"Anything dirty or dingy or dusty
Anything ragged or rotten or rusty
Yes, I love trash.” — Oscar the Grouch
Late last fall, I took advantage of a few unseasonably warm days to do some digging in an old trash pit located on the property of a mid-19th century estate in Middletown, Monmouth County, NJ. While that admittedly sounds rather odd (and perhaps kind of gross), this particular "junk" was unique. Most of it had been discarded upwards of 150 years ago into a common household midden, or trash heap. Fortunately for me, most of the organic waste had long since decomposed, leaving layers of buried artifacts in the form of glass, ceramics, ironware, bones, plastics, or anything else capable of surviving all these years underground.
Human civilizations have always produced trash. The long and surprisingly fascinating history of refuse disposal is beyond the scope of this blog post, other than two relevant points. The first is that people today produce way more garbage than they did in centuries past. This is primarily due to three things: mass production of disposable items, plastic packaging, and a nearly eightfold population increase worldwide over the past two centuries. In the simplest terms, a lot more people are throwing away a lot more stuff.
This leads to the second point, which is that methods of discarding all of this trash have evolved drastically. Before germ theory was widely accepted, it was not uncommon for people to simply litter the streets with just about all kinds of garbage. In fact it was not until 1866 that the New York City Board of Health was forced to officially forbid "throwing dead animals into the streets."

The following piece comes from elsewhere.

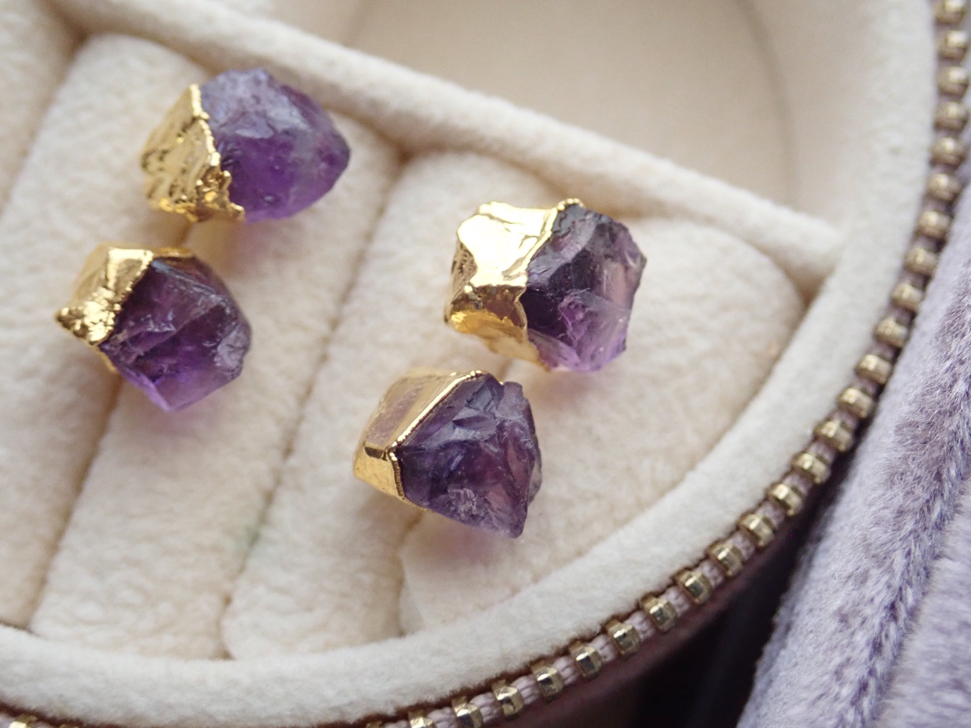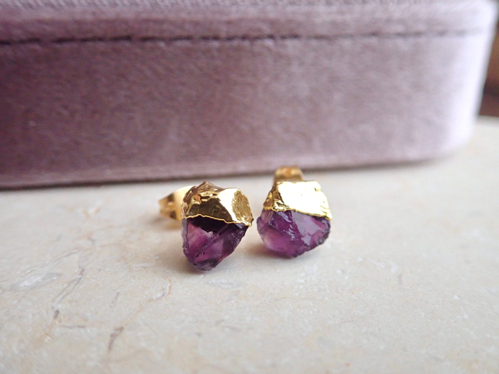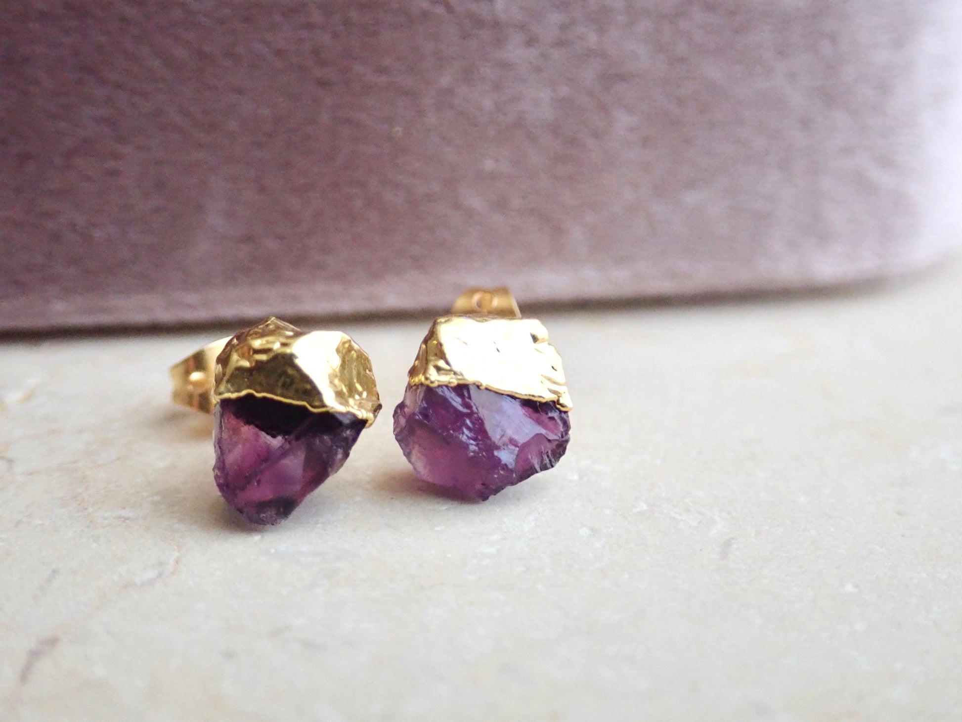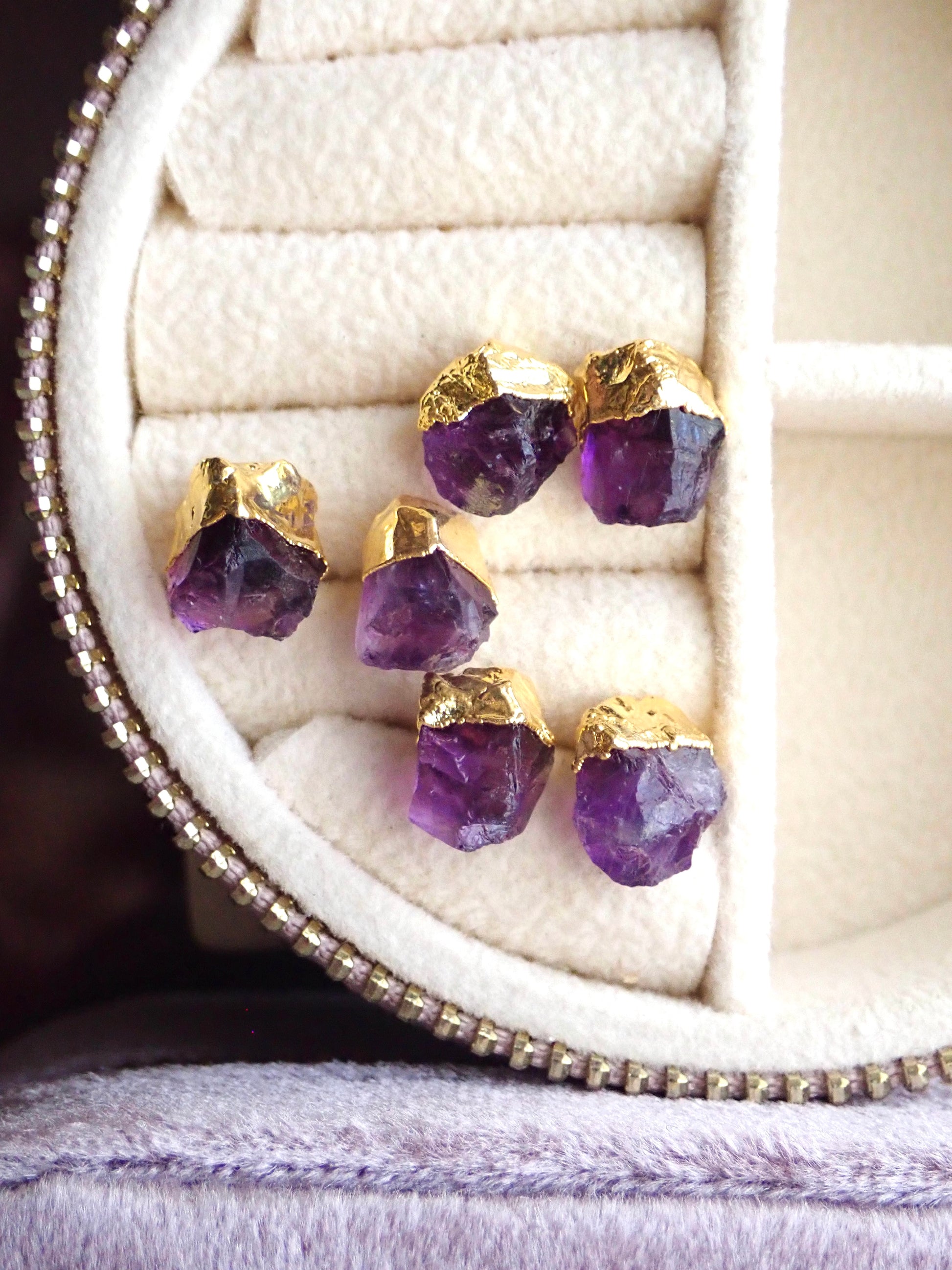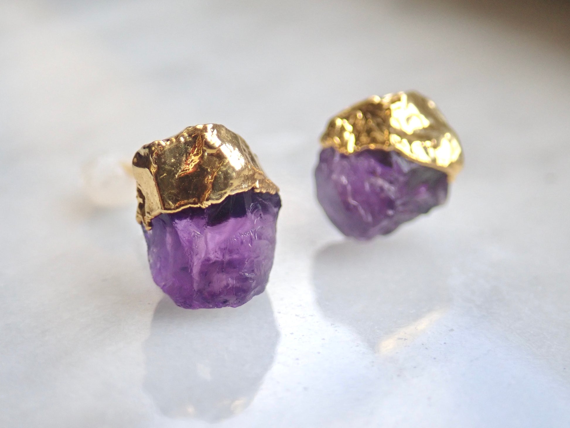 Lovely little raw amethyst studs earrings dipped in 14k Gold. The February birthstone, amethyst, is said to strengthen relationships and give its wearer courage. At one time, only royalty could wear the gem. Ancient Greeks thought that the amethyst guarded against intoxication. In fact, “amethyst” comes from amethystos, a Greek word meaning “sober.”

Municipal waste collection did not even exist until the 1890s or so, prior to which trash was either buried outside in a household or community pit, tossed into the sea, or burned. In some small towns, hundreds or even thousands of hogs at local piggeries consumed garbage by the ton. A sharp spike in mass production and consumerism in the years following World War II paved the way for the more modern system of regulated municipal waste landfills.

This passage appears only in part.